Now, it is quite understandable to be affected by others' opinion of your code, there's no question about this: that's your work, and people usually do something with the intent that it be well done, so criticism can of course be resented as it points at a failure, and we are taught that failure is bad (which is a mistaken approach IMO, and possibly the reason why many people mistake their own worth with the immediate, first degree, worth of what they do).

You should make the difference between a criticism of the result of one of your actions and a criticism of your own person (or even a criticism of the way you do things). Heck, if there was no difference, no one on Earth would love, or even like, anyone else, since that would require loving, or at least liking, absolutely everything (s)he does [of course, I am assuming here that most people on Earth actually do like, or even love, someone else; that could be a misperception on my part].

The difference is that you cannot undo an action of yours, but you can change the way you do things, thus affecting your future actions, and even your future reaction to things, including, yes, criticisms. In coderspeak, this could be expressed as "agile development of your own self". :)

Long point short: you are not what you code, you are a coder. Keep this difference in mind.

Comment Re:National Boundaries (Score 1) 186

You do not have the right because the government says so, but rather because you are a human being.

Er... Indeed. But I don't think anyone here said this right was granted by a government. We do have separation of powers here too. :)

Though that is a principle that is explicitly stated in the US constitution, it applies everywhere.
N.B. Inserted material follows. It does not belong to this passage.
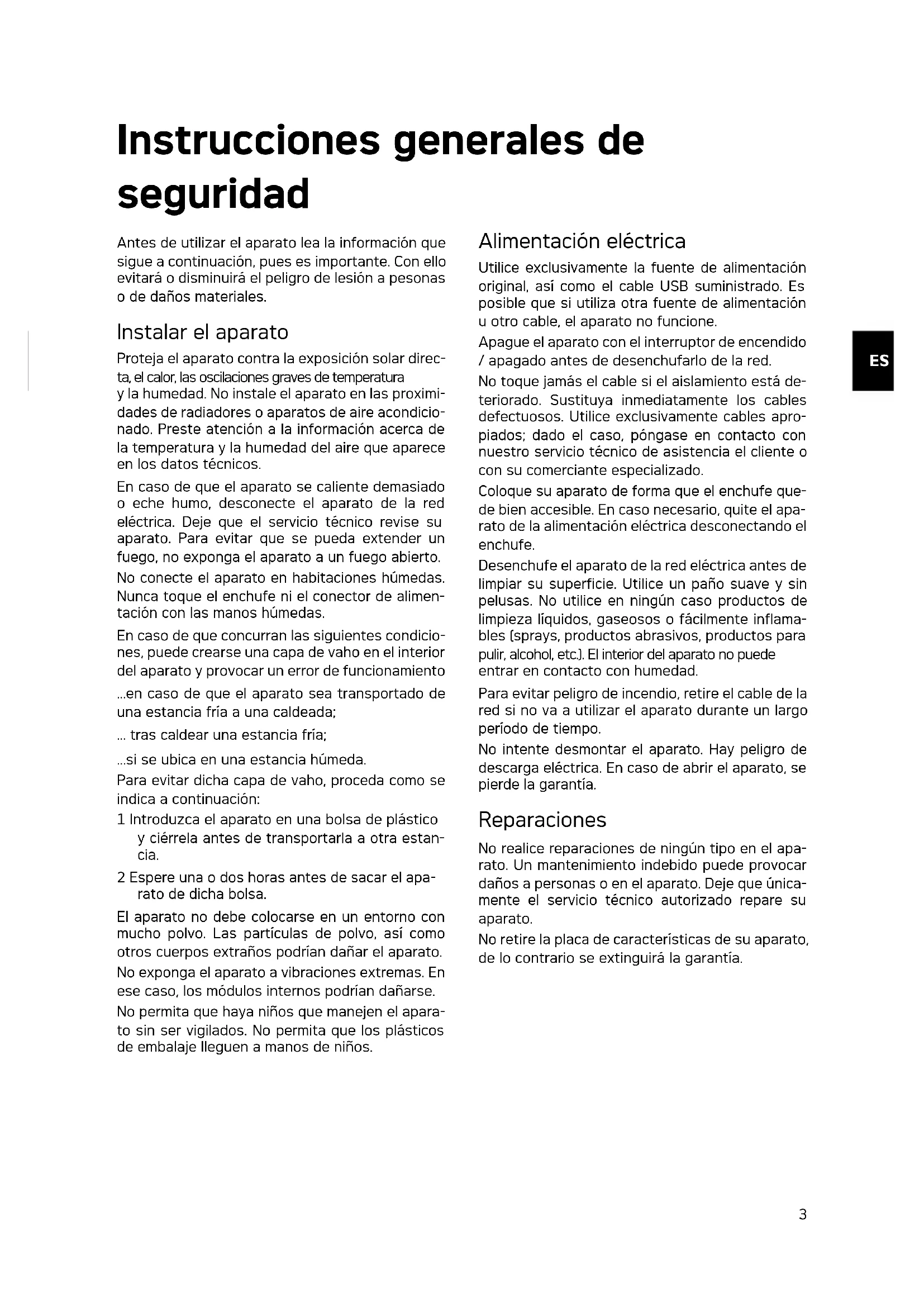 En caso de que el aparato se caliente demasiado o eche humano, desconecte el aparato de la red electrica. Deje que el service Tecnico revise su aparato. Paraatarque se pueda extensions un fuego, no exponga el aparato a un fuego abierto. No conecte el aparato en habitaciones humedes. Nunca toque el enchufe ni el conector de alimentacion con las manos humedes.

You mean everywhere in the U.S., right? Because otherwise, it would be a case of trying to apply the US law beyond the borders of the US, which, I think, is the exact mirror of a (rightful) criticism in another comment about the EU supposedly trying to reach beyon the EU borders [actually, the question was misunderstood by the commenter, but that's another point].

However, it is a right that is made explicit in the EU and where the conditions under which the right may be infringed are perhaps more clearly stated (and better enforced) than elsewhere.

There is a danger in explicitly stating rights, in that some stupid people might think you have no other rights — not true! — but leaving them all implicit has other risks in that it becomes hard to say for sure when they've been unreasonably infringed and to get other people to help you out defending them.

Or even what these rights are exactly. However, concerning your fear about restricting rights to those expressed: this is pretty much handled in article 4 of the Déclaration des droits de l'homme et du citoyen (the highest French law in terms of precedence), which (roughly translated) states that one's rights should only be limited when their exercise deprives someone else from their own rights, and that these limitations should be expressed in the law. IOW, our rights start unlimited, and law only limits them -- what is not prohibited is allowed.

Comment Re:National Boundaries (Score 1) 186

these arrogant European do not own the world

Nor do these arrogants "USA and other countries" (merrily forgetting there is something else in the world than Europe and the USA plus its satellites) who think there is no second chance ever, and no right to ensure one's personal data are correct, and no rigth to privacy either -- to mention only some of the personal-data-related rights that are given to me by my own European country (note that, as some have said, other European countries may have these rights in a less formal way, as a result of case law) and that I can successfully use to deter French spammers while I still have to suffer US ones. :/

(amusingly, if you take one step back on this "those arrogant whatevers" ping-pong game, you'll get a pretty good case of some one (one region of the world)'s freedom (to define the Right Way) stopping where it harms someone else (nother region of the world)'s freedom (to do exactly likewise). Now, let's go read article 4 of the Déclaration des droits de l'homme et du citoyen. See the irony? No? Too bad.)